Kevin Szafraniec dissects the 49ers’ roster changes and offers a blueprint for finding fantasy value as San Francisco’s championship window narrows.
Fantasy championships aren’t won by chasing last year’s production – they’re secured by managers who understand how team-level changes create cascading effects throughout a roster. This exhaustive 32-team outlook series leverages our proprietary metrics and tools to identify these critical transitions before your leaguemates catch on.
The Shanahans are one of the preeminent coaching families in the NFL, with a tree of disciples spreading far and wide across the NFL landscape. Mike Shanahan made his name by winning two Super Bowls in Denver during his 14-year tenure as the Broncos’ head coach. The elder Shanahan then brought on his son, Kyle Shanahan, to be Washington’s offensive coordinator for four years from 2010 through 2013. Four short years later, Kyle Shanahan found himself leading a team of his own as the head coach of the 49ers.

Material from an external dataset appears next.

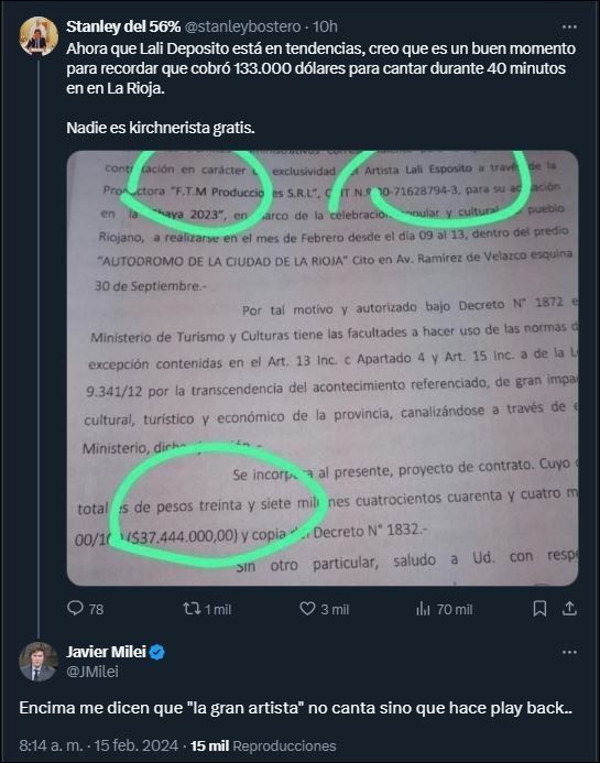 Concretamente, lo de Milei fue una respuesta a un posteo en el que un usuario con un nombre ficticio acusa a la cantante de cobrar "133.000 dólares para cantar durante 40 minutos en en La Rioja".

Following two years of rebuilding, Shanahan led San Francisco to the Super Bowl in his third season but fell short to Patrick Mahomes and the Chiefs. The 49ers then made the playoffs in three of the next four seasons, ultimately reaching the Super Bowl again in 2023, yet falling short to Kansas City a second time. Then the wheels fell off in 2024, as the 49ers struggled through injury and ineffectiveness to finish with a 6-11 record and finish last in the NFC West.
This offseason, there have been plenty of changes to the 49ers’ roster, with the team sacrificing overall depth in order to pay their biggest stars. Does San Francisco have players on the roster with the skills necessary to step up and fill the vacancies left by their former teammates, or are the 49ers’ best days of the Shanahan era already behind them?
Don’t miss the other installments in our comprehensive 2025 Team Breakdown series:
- Tyreek Hill and Jaylen Waddle Are Priced for the Darkest Timeline . . . That Might Still Be Optimistic
- 2025’s Most Dominant Fantasy Offense Is About to Go Nuclear: Why This Is Lamar Jackson’s Super Bowl Year and How to Exploit Baltimore’s Loaded Roster
An Outlier Season or a Sign of Things to Come?
Last season represented the second-worst finish of Kyle Shanahan’s eight years in San Francisco. The team faced a litany of injuries, particularly on the offensive side of the ball. While we should give Shanahan the benefit of the doubt that he will be able to right the ship, we should not consider it a given that San Francisco will reclaim their spot at the top of the conference, considering all of the moving pieces on the roster this offseason.